Climate policies mainly focus on emissions related to production. Yet growing consumption is a main driver behind rising greenhouse gases. In addition, our economy is increasingly global: international trade has risen threefold since 1990.
An example of what this means in practice is shown by European countries. While emissions produced within the European Union (EU) declined 13% from 1990 to 2010, its carbon footprint increased by 8%, as demand for consumer goods and services was often met by imports from other parts of the world. In essence, current emissions accounting allows countries to import carbon intensive products without assuming responsibility for the CO2 in their production.
The urgency of tackling climate change therefore requires expanding carbon accounting to international trade and complementing policies focused on production with consumption-based approaches.
These were the objectives of the Carbon-CAP project. Carbon-CAP (project full title: Carbon emission mitigation by Consumption-based Accounting and Policy) aimed at stimulating an effective climate policy mix in the EU and internationally to address emissions related to consumption, in addition to those related to production.
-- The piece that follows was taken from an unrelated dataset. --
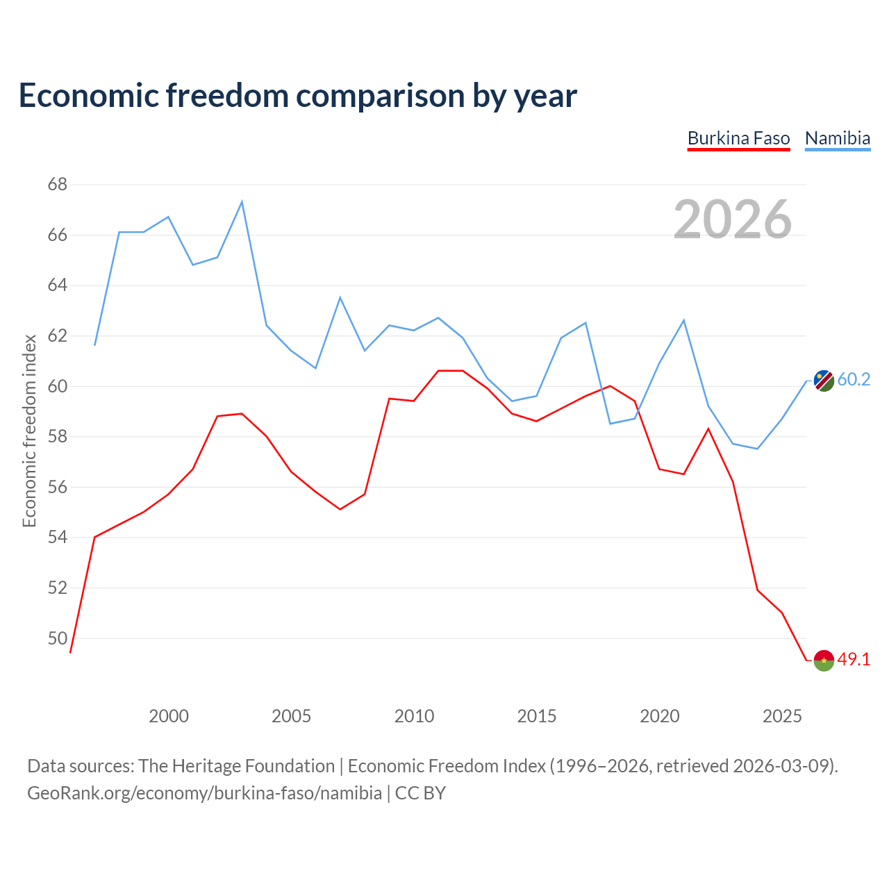 The Economic Freedom Index for Burkina Faso is 49.1, ranking 167/197, compared to 60.2 for Namibia, ranking 95/197. The chart above displays a comparison of annual changes in economic freedom indexes.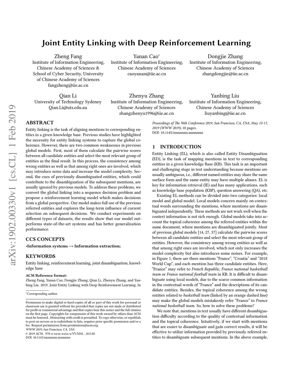 Entity linking is the task of aligning mentions to corresponding entities in a given knowledge base. Previous studies have highlighted the necessity for entity linking systems to capture the global coherence. However, there are two common weaknesses in previous global models. First, most of them calculate the pairwise scores between all candidate entities and select the most relevant group of entities as the final result. In this process, the consistency among wrong entities as well as that among right ones are involved, which may introduce noise data and increase the model complexity. Second, the cues of previously disambiguated entities, which could contribute to the disambiguation of the subsequent mentions, are usually ignored by previous models. To address these problems, we convert the global linking into a sequence decision problem and propose a reinforcement learning model which makes decisions from a global perspective. Our model makes full use of the previous referred entities and explores the long-term influence of current selection on subsequent decisions. We conduct experiments on different types of datasets, the results show that our model outperforms state-of-the-art systems and has better generalization performance.

In the European Union there are a number of policies addressing consumption, some voluntary and some regulatory. For example there are policies to phase out the most inefficient appliances and improve the energy performance of buildings. However, the project came to the conclusion that the EU should start recognising and quantifying consumption-based emissions and embodied carbon in trade in order to keep climate change below the agreed targets of 2 °C above pre-industrial levels, with an aim to stay below 1.5 °C.